Deep Dive: When this policy is applied, Cilium's eBPF programs on the node hosting the backend-api pod are updated. For traffic destined to port 5000, instead of just forwarding it, the eBPF program redirects the packet to the Envoy proxy running in the same node. Envoy performs the L7 inspection (checking the HTTP method and path). If the request matches the policy, Envoy forwards it to the application pod. If not, it returns an HTTP 403 Forbidden. This redirection is transparent to both the source and destination pods. The performance cost is localized only to the traffic that requires L7 inspection, while all other traffic continues to be processed purely in eBPF.

Production Example 3: Kafka-Aware Policies

This L7 awareness extends beyond HTTP. For event-driven architectures, securing Kafka topics is critical. You don't want a compromised logging service to be able to produce messages on the payments-processed topic.

Scenario: An order-processor service should only be able to produce to the new-orders topic, while an inventory-service should only be able to consume from it.

yaml

# kafka-policy.yaml
apiVersion: "cilium.io/v2"
kind: CiliumNetworkPolicy
metadata:
  name: "kafka-broker-policy"
  namespace: kafka
spec:
  endpointSelector:
    matchLabels:
      app: kafka-broker
  ingress:
  # Rule 1: Allow order-processor to produce to new-orders topic
  - fromEndpoints:
    - matchLabels:
        app: order-processor
    toPorts:
    - ports:
      - port: "9092"
        protocol: TCP
      rules:
        kafka:
        - role: produce
          topic: "new-orders"

  # Rule 2: Allow inventory-service to consume from new-orders topic
  - fromEndpoints:
    - matchLabels:
        app: inventory-service
    toPorts:
    - ports:
      - port: "9092"
        protocol: TCP
      rules:
        kafka:
        - role: consume
          topic: "new-orders"

This policy provides incredibly granular control, preventing lateral movement and data exfiltration within your message bus, a common blind spot in many security architectures.

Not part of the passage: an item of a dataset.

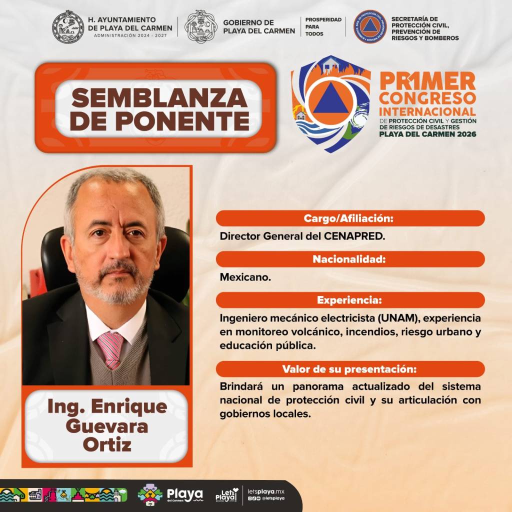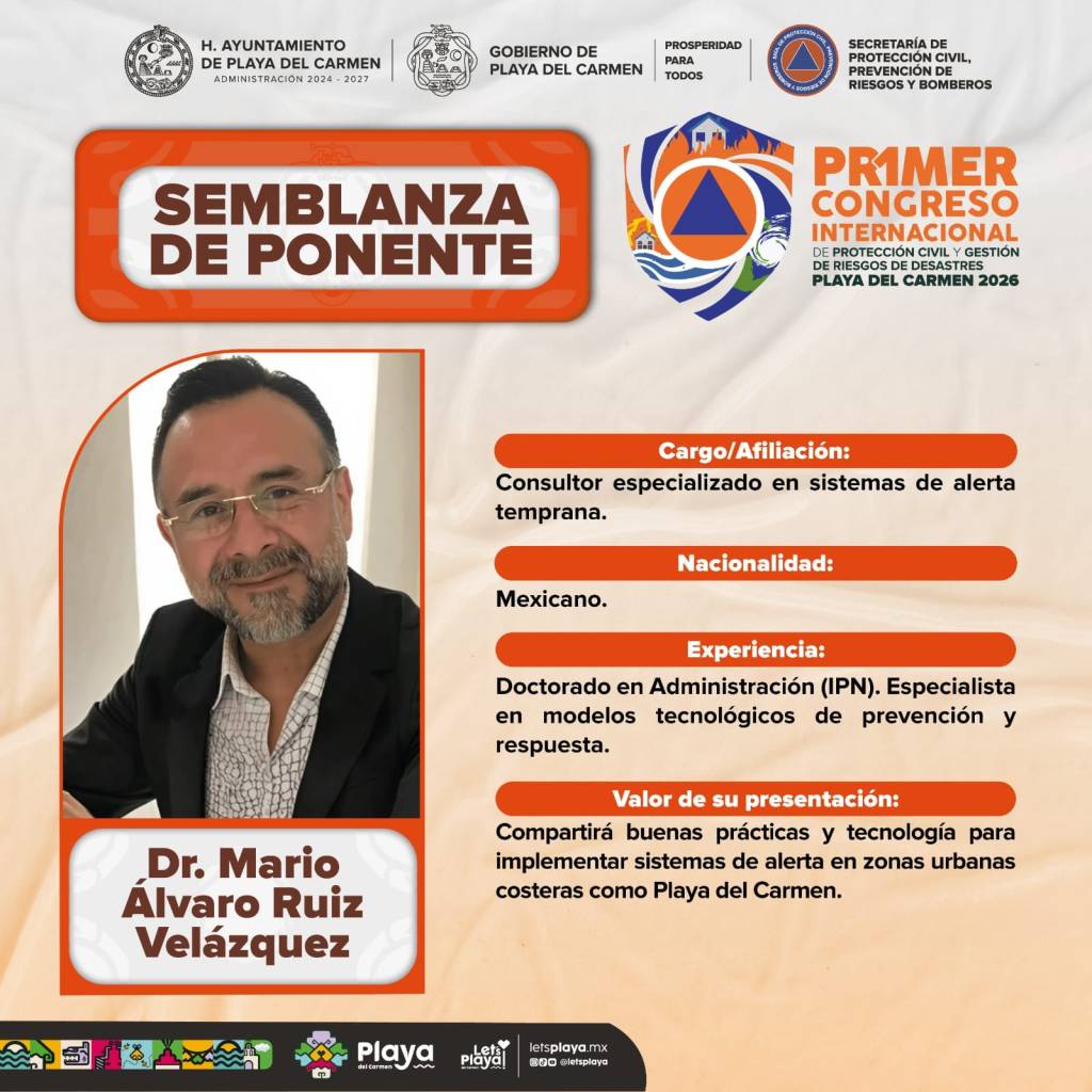 El Congreso contará con un programa académico y técnico de alto nivel, posicionando a Playa del Carmen como un referente nacional e internacional en materia de Protección Civil, al reunir a liderazgos que compartirán su experiencia con personal operativo, autoridades y público interesado en la gestión integral de riesgos de desastres.

Mastering Egress Control with FQDN Policies

One of the most challenging aspects of zero-trust networking is managing egress to external services. Hardcoding IP ranges for services like Stripe, S3, or Twilio is a maintenance nightmare, as these IPs can change frequently. Cilium solves this with DNS-aware policies.

Production Example 4: Securely Connecting to a Third-Party API

Imagine a billing-service that needs to call the Stripe API at api.stripe.com but should be blocked from accessing anything else on the internet.

yaml

# billing-egress-policy.yaml
apiVersion: "cilium.io/v2"
kind: CiliumNetworkPolicy
metadata:
  name: "billing-service-egress"
  namespace: billing
spec:
  endpointSelector:
    matchLabels:
      app: billing-service
  egress:
  # Rule 1: Allow DNS lookups. This is CRITICAL for FQDN policies to work.
  - toEndpoints:
    - matchLabels:
        "k8s:io.kubernetes.pod.namespace": kube-system
        "k8s:k8s-app": kube-dns
    toPorts:
    - ports:
      - port: "53"
        protocol: UDP
      rules:
        dns:
        - matchPattern: "*"

  # Rule 2: Allow traffic to the resolved IPs of api.stripe.com
  - toFQDNs:
    - matchName: "api.stripe.com"
    toPorts:
    - ports:
      - port: "443"
        protocol: TCP

How FQDN Policies Work:

The billing-service pod attempts to connect to api.stripe.com. This triggers a DNS query to kube-dns.

The first egress rule explicitly allows this DNS query to succeed.

The Cilium agent intercepts the DNS response from kube-dns. It sees that api.stripe.com resolved to, for example, 54.186.126.123.

Cilium injects this IP into an eBPF map associated with the billing-service's security identity, along with a TTL matching the DNS record's TTL.

When the billing-service then initiates a TCP connection to 54.186.126.123 on port 443, the eBPF program on the egress path finds the IP in the allowed map and forwards the packet.

Any attempt to connect to another external IP will be dropped by the eBPF program because there is no matching rule.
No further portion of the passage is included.